So in the spring of 1998, his senior year in college, Kemper shrewdly assembled a business plan. He prepared a résumé and a cover letter and sent them off via overnight delivery to 30 potential corporate sponsors. Not the standard shoe and bike and energy-bar companies, but the mighty powerhouses in the habit of doing nothing halfway—Nike, Nautica, Tommy Hilfiger. Polo Sport responded.
Kemper put on a suit and traveled to New York. The Polo marketing executives were impressed by his boy-next-door manner, his nerdy/sexy/preppy good looks, and his self-confidence. Kemper’s athletic talent was genuine, moreover, as was his sense of timing: Triathlon would be featured prominently during the 2000 Olympics, not long after Polo rolled out its new line of RLX performance sportswear. The executives recognized a perfect fit and signed Kemper to an exclusive sponsorship deal. (He declines to say what it’s worth.)
Kemper displays only the Polo logo during a race. No tacky, tricked-out plastering of logos across his bike, wetsuit, and singlet. He needn’t fuss with the competing, time-consuming demands of multiple sponsors. Most important, Polo pays him a stable salary that, while hardly up to major-sport standards, matches what a bright, aggressive, recent college grad might earn in the business world. Even before he dove into the water for his first professional triathlon two years ago, Kemper had achieved a level of comfort and security that Radkewich had never approached during five difficult years in the sport. It took Kemper just a few months to make good on Polo’s investment. After a slow start, he capped the 1998 season by winning the national championships and being named USA Triathlon’s Rookie of the Year.
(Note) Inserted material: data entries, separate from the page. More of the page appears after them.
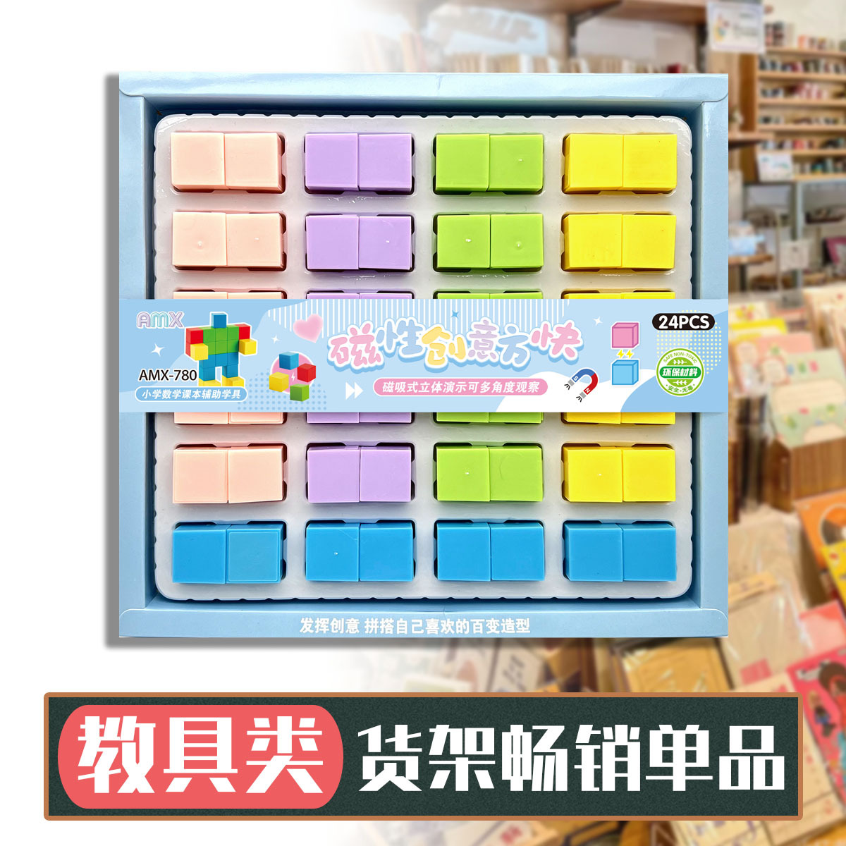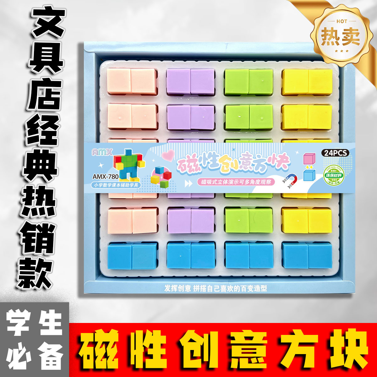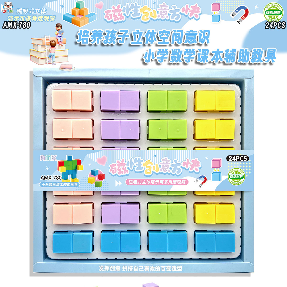 24入磁性创意方块积木 磁力方块体小学数学课本辅助教具学生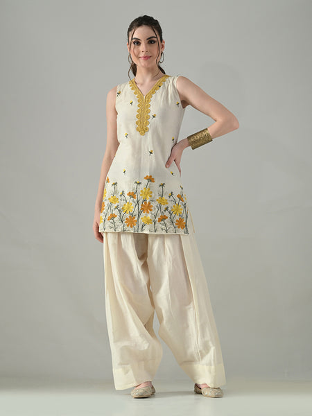Myshka Women Off White Embroidered Short Kurta With Farsi SalwarProduct Details: Package Contains : 1 Kurta, 1 Salwar Shape: A-Line Fabric : Pure ...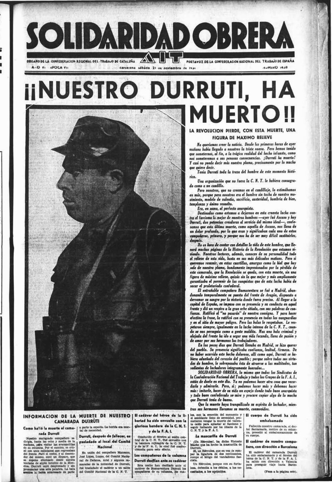 Buenaventura Durruti anarkista hil zen Madrilen. Bezperan hiriaren defentsan jasotako tiro batek larri zauritu zuen. Kataluniako eta Espainiako Estatuko anarkismoaren figura karismatikoenetakoa izan zen. 36ko Gerraren hasieran Zaragoza askatzera abiatu zen Durruti zutabearen burua izan zen, besteren artean.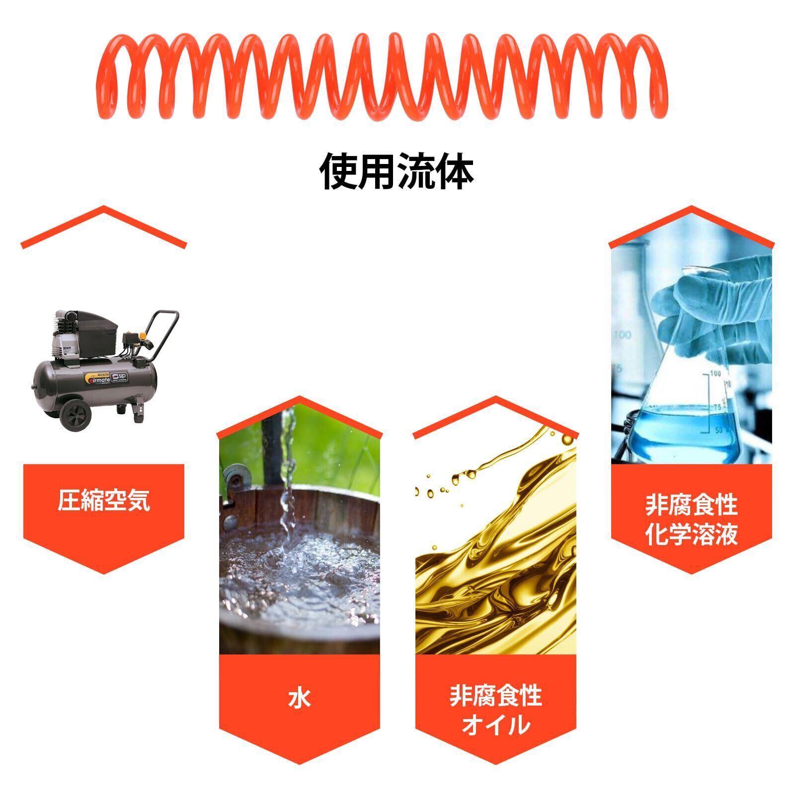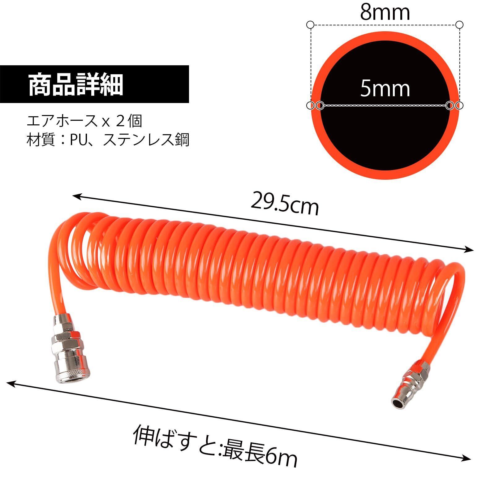 2個セット エアホース 有効長6m 内径5mm×外径8mm エアーホース スプリング エアーツール 高い弾力性 耐久性 耐高圧

In May 1999, Kemper won a major race in Arizona and the next week locked horns with Greg Welch at the Oceanside triathlon.
“We came out of the bike nose to nose and set out running on a loop course,” Kemper recalls. “I knew I was capable of racing well, but facing Welch like that, just the two of us, was more than I bargained for. On the last loop we were stride to stride, hammering, and I was able to outkick him in the end. It was like…” Kemper straightens from his handlebars and jabs his fist into the dank, fetid air of the apartment. “It was indescribable, the greatest feeling in the world.” He shakes his head. “That was an amazing day.”
The room goes quiet, the men again settling into the whir of their searing simulated climb through the mountains.
“At the end of last season, Polo called me up and said they wanted to pay me more money and extend my contract to run past the Olympics,” Kemper goes on, pitching his voice below the video’s sound track. For a moment he focuses on his cycling. Then, very softly, he adds, “That kind of support is crucial. That made me feel good.”
Radkewich, meanwhile, seems to have lost himself in Slap Shot, which is approaching its climax. He pedals hard, eyes riveted on the screen, absorbed in the story of a fictional hockey team’s ten-hour bus rides through the boonies; of three teammates forced to share a shabby hotel room; of a season’s accrued losses graced by sporadic flashes of mastery. He doesn’t need to spell out the similarities between the characters’ lives and his own. Nor does he have to voice the central fact of his lifelong relationship with Hunter Kemper.
They are not quite friends, and as long as they pursue the same peculiar, unforgiving profession, they probably never will be. They differ in age, temperament, and fortune. They share boyhood memories, a passionate but repressed rivalry, and for the next half-hour, this sweat-rank living room. Like a lot of brothers, Radkewich and Kemper are stuck with each other.